Transformation: don’t expect a prince every time

We’re all enormously influenced by the stories we heard as children, even as adults. Psychological theory states that we are, perhaps, more influenced by the stories that we have forgotten, than the ones that we remember; more in thrall to our unconscious, the stories from our very earliest years, than from the myths and tales that we can remember and perhaps discount.

In 2010 there was an increase in girls under the age of 10 being taken to hospital for salmonella after the release of the film The Princess and The Frog led to children kissing frogs in the USA.
(Not only did the children get ill from this incident, there were absolutely no princes reported.)

The old story tells of the transformation of a frog into a prince as the kiss of the princess undoes the curse of a wicked witch. The children who became sick would have learnt a lesson about transformation that will useful in later life. There are no guarantees, there is little certainty. Your best efforts might deliver a prince. Probably they may only deliver a slightly moist frog.

Every business is undergoing disruption. Even the disruptors from the last two decades now fear disruption. It is crucial to have a transformation programme that gets ahead of the consequences of change – change in consumers, tech and competition.

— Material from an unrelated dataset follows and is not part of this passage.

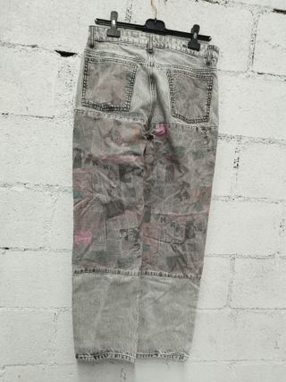 Pantalón vaquero con un diseño único y llamativo. - Parches de Mickey Mouse y estilo patchwork. - Efecto desgastado y rotos. - Lavado ácido característico.

Consumers’ expectations keep growing, so it isn’t possible to stick with traditional practices. Jeff Bezos famously says that Amazon’s role is to serve the beautifully dissatisfied customer. Everyone’s expectation of customer service is now as high as their best ever customer service experience. Even if it is in a different sector. Can your business transform and give the customer more than they currently expect before someone else does?

Business models that have relied on heritage revenue that has been in decline need to embrace trying new models of growing their income. Relying on cuts to protect the bottom line is short term. Every business needs a transformation workstream that looks for and commits to innovation for growth.

Media habits are continuing to change quickly, and the norms for the under 25s are vastly different to their elders as the new IPA Touchpoints survey illustrates. It is not enough to hope that change will stabilize. Media planning must protect the brand’s saliency amongst this cohort for the future.

With transformation comes some uncertainty. More than some people want to have to deal with. It means trying out new things before you know the outcomes. Being agile and flexible in the business plan. This can be hard, especially for those who don’t like change.

One way to deal with this discomfort is to understand that some of the desire for a certain happy ending comes from our childhood influences. Everyone is influenced by the stories that they heard as children. In “The Loudest Duck, moving beyond diversity while embracing differences” Laura Liswood explains that many of our deepest beliefs come from early years, and from our families. She suggests that a time comes however when we all need to “tell grandmother to go home”.

We all take our unconscious selves to the workplace, bringing beliefs, perceptions, understandings, misunderstandings and importantly archetypes, or indeed stereotypes, of other people, based often on very deep rooted, even ancient, understandings picked up from our parents and grandparents. So there remains an expectation that if we kiss the frog it will transform into a prince. That a bloke on a white horse will ride up and slay the dragon. That whatever the difficulties, it will all end happily ever after. That the superhero will win the day and make right what is wrong.

Transformation isn’t this simple. Change is necessary. It can be clear what we need to change from. The specific outcomes that you will get are sometimes less clear. If you’re waiting to press go on transformation until you have the from/to nailed then you will probably be waiting while your competition over takes you and a disrupter takes your business model from under you. Life isn’t like fairy tales and childhood myths.